Free press endangered by Foreign Agent Registration Act

Al Jazeera is the latest news outlet investigated under the Foreign Agent Registration Act (FARA) for acting as a propaganda tool of a foreign country, Qatar in this case. Congressional legislators are concerned about Al Jazeera’s alleged anti-Semitic and anti-Israel content. The network is an important source of news in the Middle East and has earned eight Peabody Awards and a Polk award for the reporting of its English-language branch. The Justice Department forced RT to register as a foreign agent last year for acting as a propaganda arm of the Russian government for supporting government policy, promoting conspiracy theories and sowing division and mistrust in democracies.
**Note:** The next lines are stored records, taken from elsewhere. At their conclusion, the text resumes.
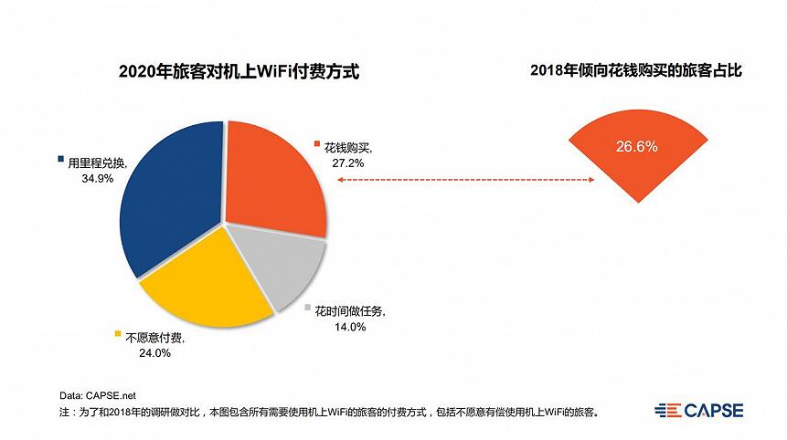 而从CAPSE调研结果来看,付费WiFi的时代或许正在开启——在需要机上WiFi的旅客中,63%的旅客愿意付费使用机上WiFi,付费形式可为金钱、里程或者时间。如何将旅客的付费意愿转化为实在的价值,这个问题的答案或许能重塑客舱商业的收入格局。
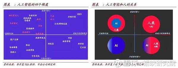 李开复在今年8月的TED演讲中,通过创造力和同情心两个维度划分出了四种人类与人工智能共事的方式。
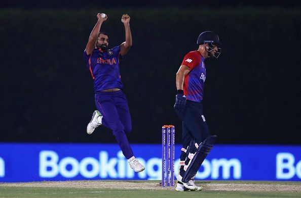 भारतीय कप्तान विराट कोहली ने टॉस जीतकर पहले गेंदबाजी का फैसला लिया। इंग्लैंड की शुरुआत तेज हुई, लेकिन चौथे ओवर में 36 के स्कोर पर शमी ने जोस बटलर (13 गेंद 18) और छठे ओवर में 47 के स्कोर पर जेसन रॉय (13 गेंद 17) को चलता किया। डेविड मलान ने 18 गेंदों में 18 रनों की पारी खेली और उन्हें 10वें ओवर में राहुल चाहर ने 77 के स्कोर पर आउट किया।
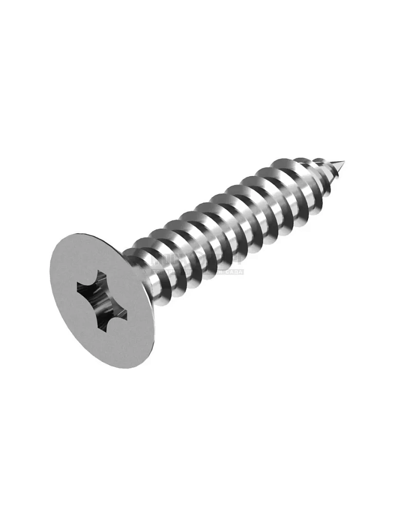 Винты самонарезающие с потайной головкой DIN 7982 крестообразный шлиц, форма С - острый конец – метиз используют в разных областях производства и строительства. Конструкционные особенности обеспечивают изделию широкий спектр применения для крепления элементов из дерева, пластика и металла. При установке в мягкие материалы отпадает необходимость в предварительном сверлении отверстия – заострённый конец резьбы обеспечивает удобное и быстрое вкручивание без лишних технологических операций.
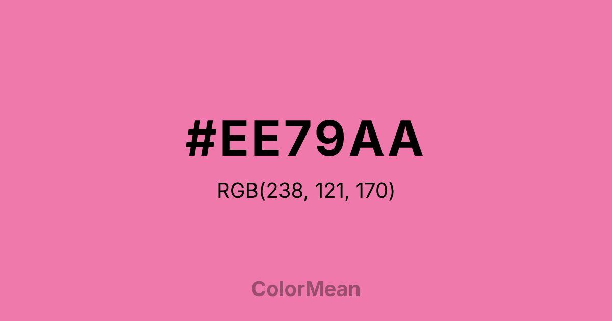 #EE79AA RGB value is (238, 121, 170). The hex color red value is 238, green is 121, and blue is 170. Its HSL format shows a hue of 335°, saturation of 77 percent, and lightness of 70 percent. The CMYK process values are 0 percent, 49 percent, 29 percent, 7 percent.

Critics of applying FARA to news outlets say it could be used to settle political disputes and curtail reporting on difficult issues for fear of being labeled a foreign agent. (Columbia Journalism Review, June 11, 2018, by Alexandra Ellerbeck and Avi Asher-Shapiro)

RT’s editor said she maintained RT’s independence but registered as a foreign agent to avoid criminal proceedings. Radio Sputnik, Japan’s Cosmomedia, the Korean Broadcasting System and the China Daily are all registered as foreign state propaganda arms. (, April 4, 2018, by Peter Van Buren)

Reporters Without Borders, March 19, 2018, warned about the dangers of government censorship and released this statement about the Justice Department investigation of Al Jazeera: “Governments should not be in the business of deciding what constitutes legitimate journalism, regardless of the influence that may be brought to bear on Al Jazeera’s editorial policies due to its connection to the Qatari government,” said Margaux Ewen, RSF’s North America Director. “Al Jazeera’s award-winning journalism contributes to media pluralism on a global scale, and reducing it to a Qatari government agency is irresponsible.”